The fracture line of the Palermo Stone runs diagonally through the fifth window, which is why the rest of the entry is missing, making it uncertain which festival was precisely described.

Administration

Djoser
Egyptian Museum: statue of king Djoser

Probably shortly before or during Djoser’s reign, there were initial attempts at a fundamental administrative reorganization of Egypt. While administration originally relied only on individual agricultural estates, the entire country was divided into districts over the course of the Old Kingdom. The oldest of these is the district of Ma-hedj, which was later counted as the 16th Upper Egyptian district. It is first mentioned in vessel inscriptions found in Djoser’s pyramid complex. However, mentions of further districts only appear in the reign of Sneferu, the founder of the 4th Dynasty. By the end of the Old Kingdom, there were 38 districts, a number that increased to 42 through divisions until Roman times.

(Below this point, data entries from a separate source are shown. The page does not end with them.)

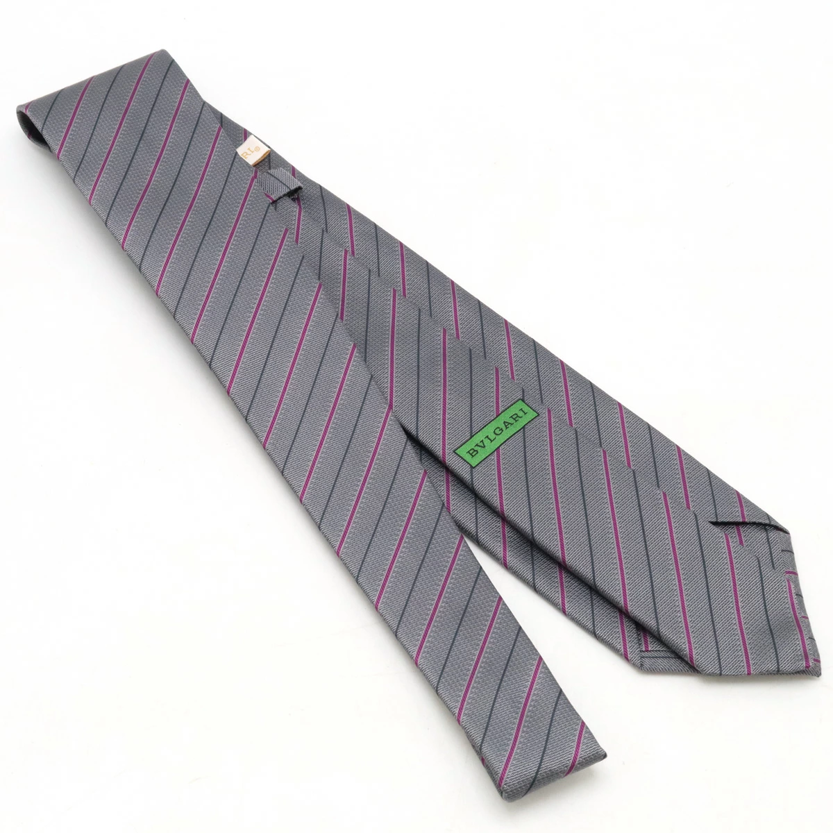 裏地を使わず、7つ折りに仕立てられたブルガリのセブンフォールドのネクタイ。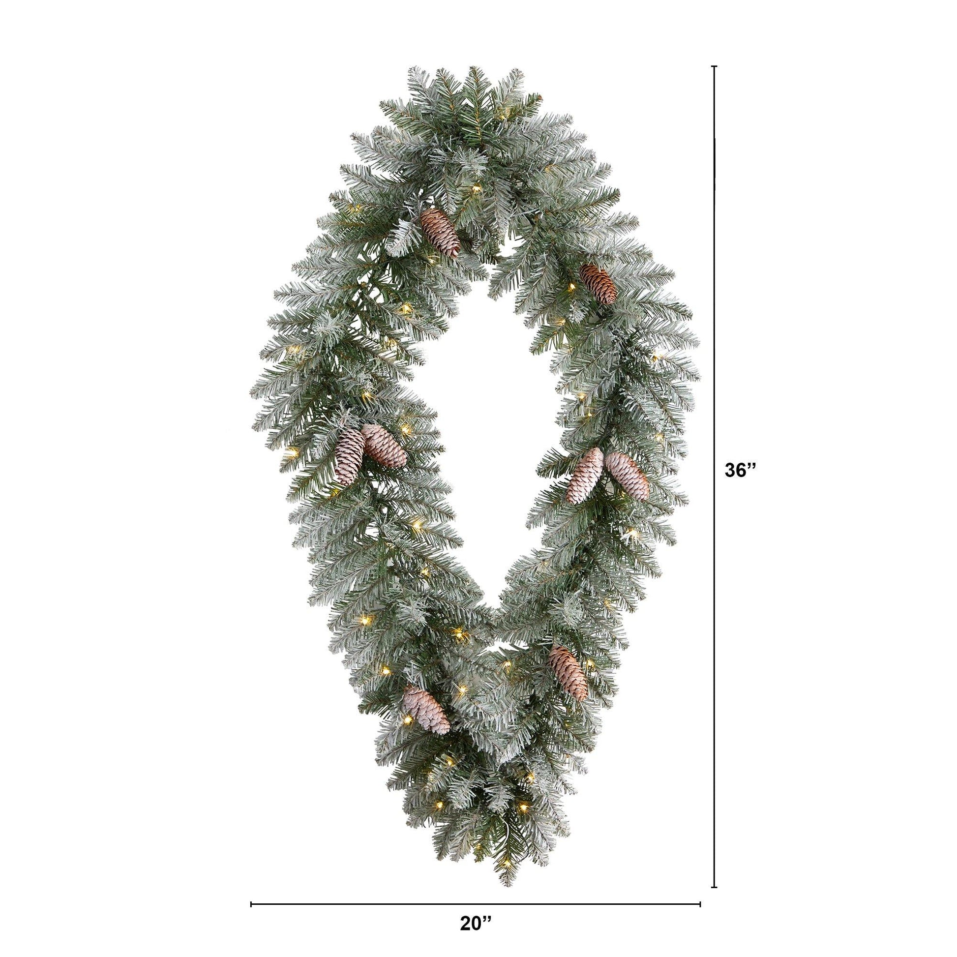 3' Holiday Christmas Geometric Diamond Frosted Wreath with Pinecones and 50 Warm White LED Lights
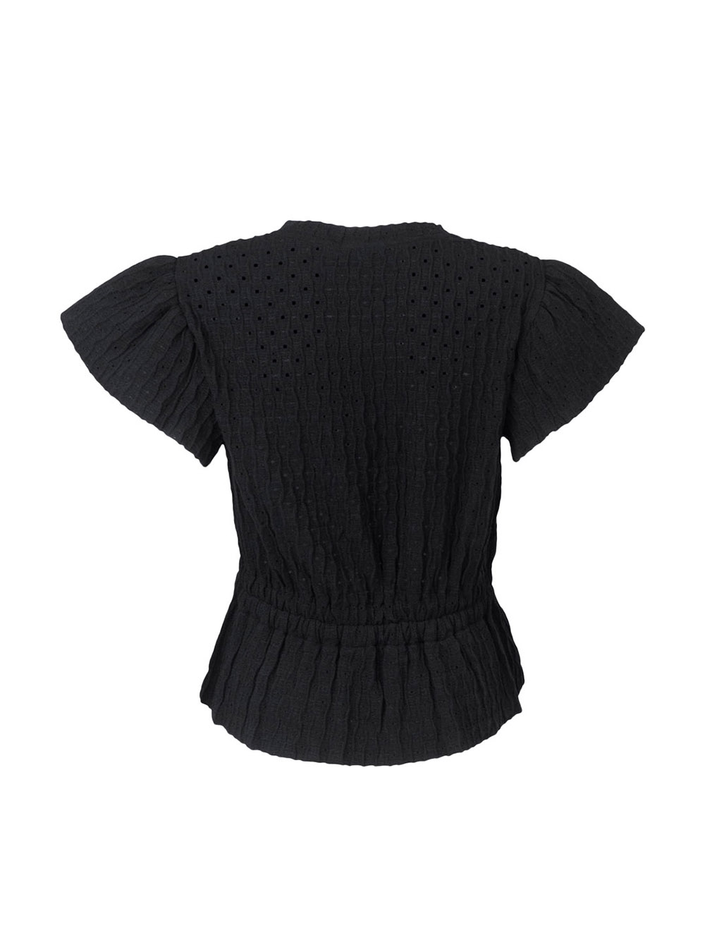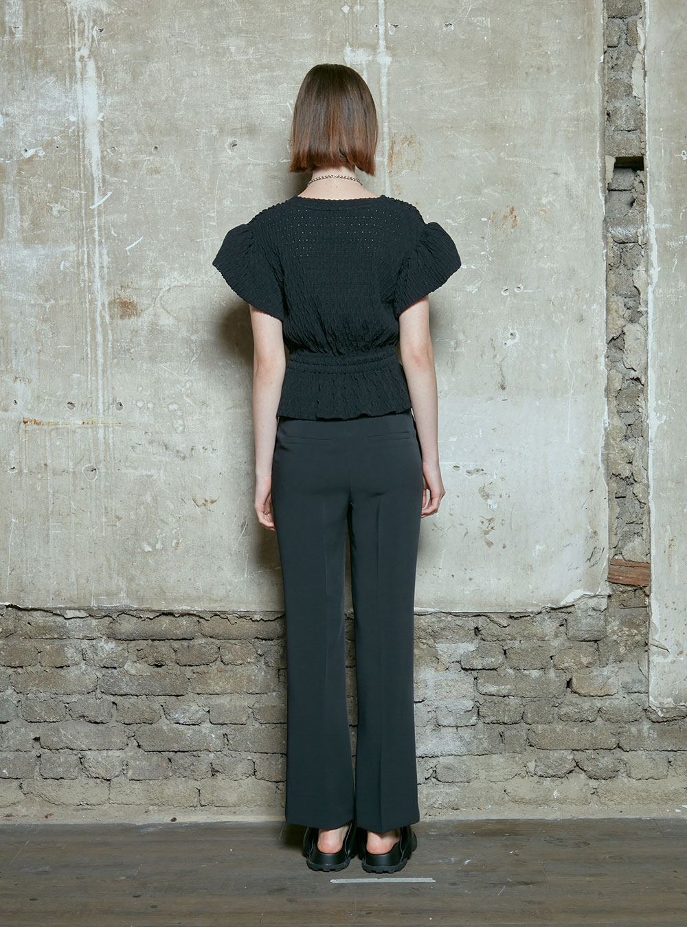 Puff sleeves with elastic waist. Features a textured fabric in jet black. A great everyday piece for work and casual styling.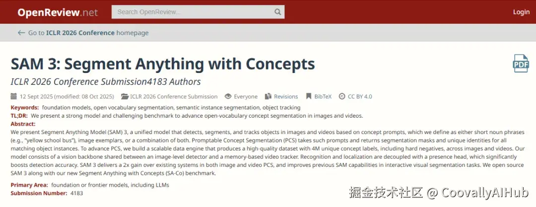 最近,在AI顶会ICLR 2026的Open Review阶段,一篇匿名提交的论文 《 SAM 3: Segment Anything with Concepts 》 引发网友广泛关注。

Under Djoser, several officials and viziers gained high esteem, foremost among them Imhotep, Hesire, Anch-en-iti, Nedjem-Anch, and Chai-neferu. While Imhotep evidently enjoyed Djoser’s special favor and was even deified later, impressive panels made of valuable cedar wood have been preserved by the official Hesire. Chai-neferu, on the other hand, is only depicted on stone vessels and clay seals.

Expeditions

As the first Egyptian ruler, Djoser organized a state-sponsored expedition to Wadi Maghara in the Sinai Peninsula to exploit the copper and turquoise mines there. A relief commissioned by Djoser in the Wadi depicts him striking a captured Bedouin. Beside him stands a goddess. Behind her is another figure identified by the inscription as the overseer of the desert, Anch-en-iti, who led this expedition. While there is evidence of isolated Egyptian activities in Sinai from predynastic times, centrally organized mine expeditions apparently only became possible through significant advances in administration at the end of the 2nd and the beginning of the 3rd Dynasty.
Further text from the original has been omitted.